Windows 8 Start-tip Power MenuWindows 8: bluff old traditionalists without a Slate, sorry, Surface (ha ha ha – no? Really?) sorry, tablet are going to stick with the conventional Windows desktop.

And I hear you say; “Metro, sorry, Modern-UI apps are going to force out the conventional desktop.” No. There are too many corporates with legacy applications, without touch screens, with older hardware, without the training budgets.

Modern-UI and the conventional desktop are likely to co-exist indefinitely. The new versions of Microsoft Office and Adobe Photoshop due in 2013 will be desktop applications, not Modern-UI apps. Can you imagine Photoshop in a low-resolution, Fisher-Price Modern-UI interface? No, neither can I. That means incremental improvements to the familiar Windows desktop will continue.

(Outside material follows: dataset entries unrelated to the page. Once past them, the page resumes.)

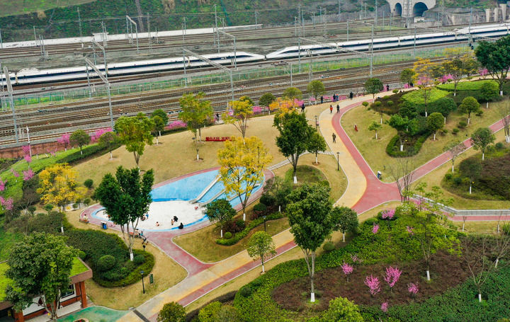 阳春三月、百花争艳,两江新区木桃路社区公园因靠近铁路,形成了“开往春天的列车”的独特景观,引来不少市民拍照。“过去这里是个建筑弃渣场,社区周边没有休闲的地方。经改造变成了高低错落的山地公园,儿童乐园、健身步道、饮水等设施都有,我们现在散步健身有了好地方。”住在附近的邹女士满意地说。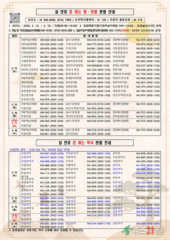 [뉴스21 통신=김희백 ] 거창군은 귀성객과 군민이 건강하고 안전한 설 연휴를 보낼 수 있도록 오는 14일부터 18일까지 설 연휴 기간 응급진료체계를 강화해 운영한다고 5일 밝혔다. 설 연휴 기간 귀성객과 군민의 의료 이용 불편을 최소화하기 위해 응급의료기관의 24시간 응급실 운영, 야간진료실 및 달빛어린이병원 운영과 문 여는 병·의...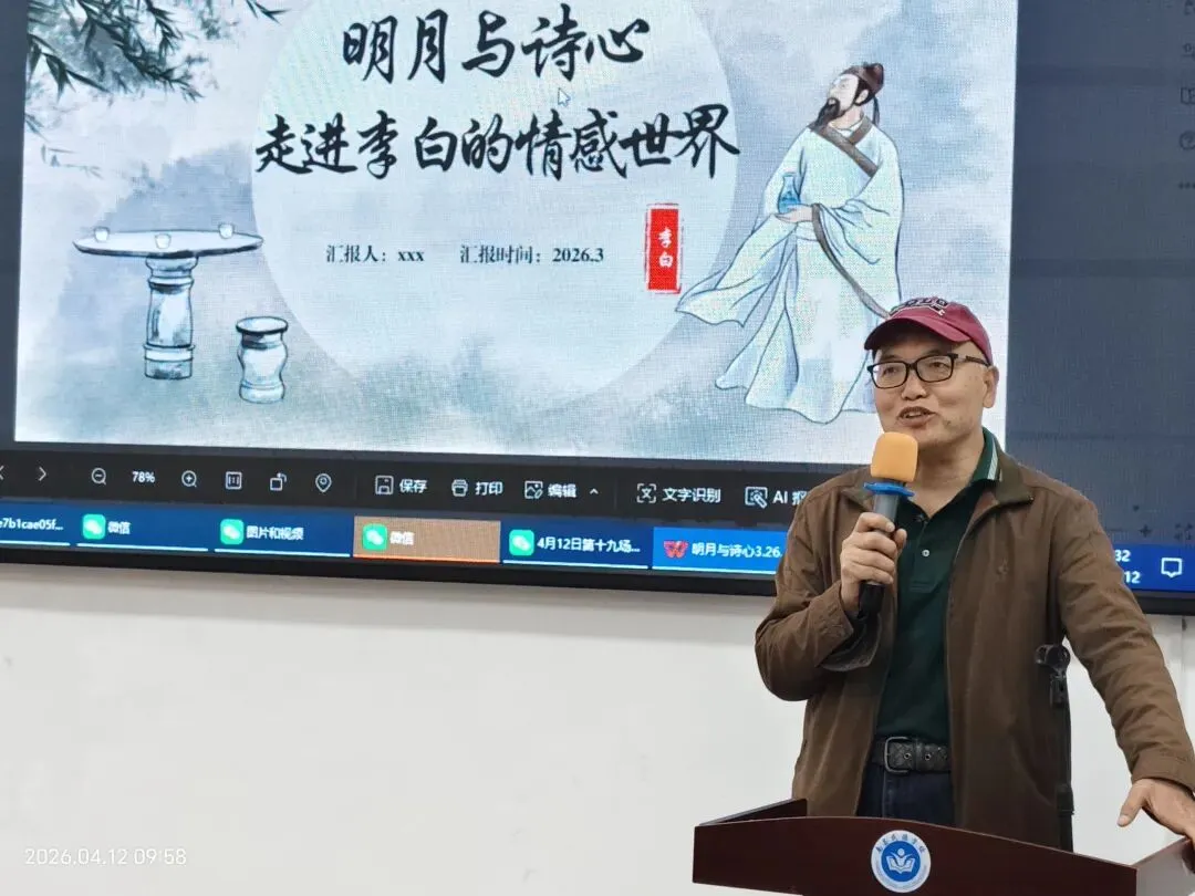 王会长长期从事诗词、辞赋的创作与研究,有诸多诗赋发表于《中华辞赋》等报刊,代表作《李太白诗传》。本次讲座纵览诗仙李白的人生历程,横观其与四位女性的情感交集,并以《寄东鲁二稚子》《梁园吟》等代表诗作为脉络,深度剖析了他的感情世界。李白诗中“双行桃树下,抚背复谁怜”所流露的拳拳父爱,与“东山高卧时起来,欲济苍生未应晚”中跌宕的济世情怀形成鲜明对照。

Count up the improvements to the Windows desktop that we looked at already; the ribbon interface in Windows Explorer, the new Task Manager, the file-copy improvements. The desktop has the edge and corner navigation controls. The new Start tip replaces the old Start button. Cunningly, there’s a right-click power menu that brings most of the control panel and management settings right to you:

  • Programs and features (software installer)
  • Power management
  • Event viewer
  • System – overview
  • Device Manager
  • Disk Management
  • Computer Management – top-level admin console for management tools
  • Two command prompts – regular and Admin
  • Task Manager
  • Full top-level Control Panel
  • File Explorer – file management
  • Search – apps search
  • Run – run box
  • Desktop – show desktop and minimise all running apps

Windows 8 Search apps screenA lot of these features used to be buried fairly deep within the Control Panel sub-basement levels. Now they are right there with one click from Modern-UI or desktop.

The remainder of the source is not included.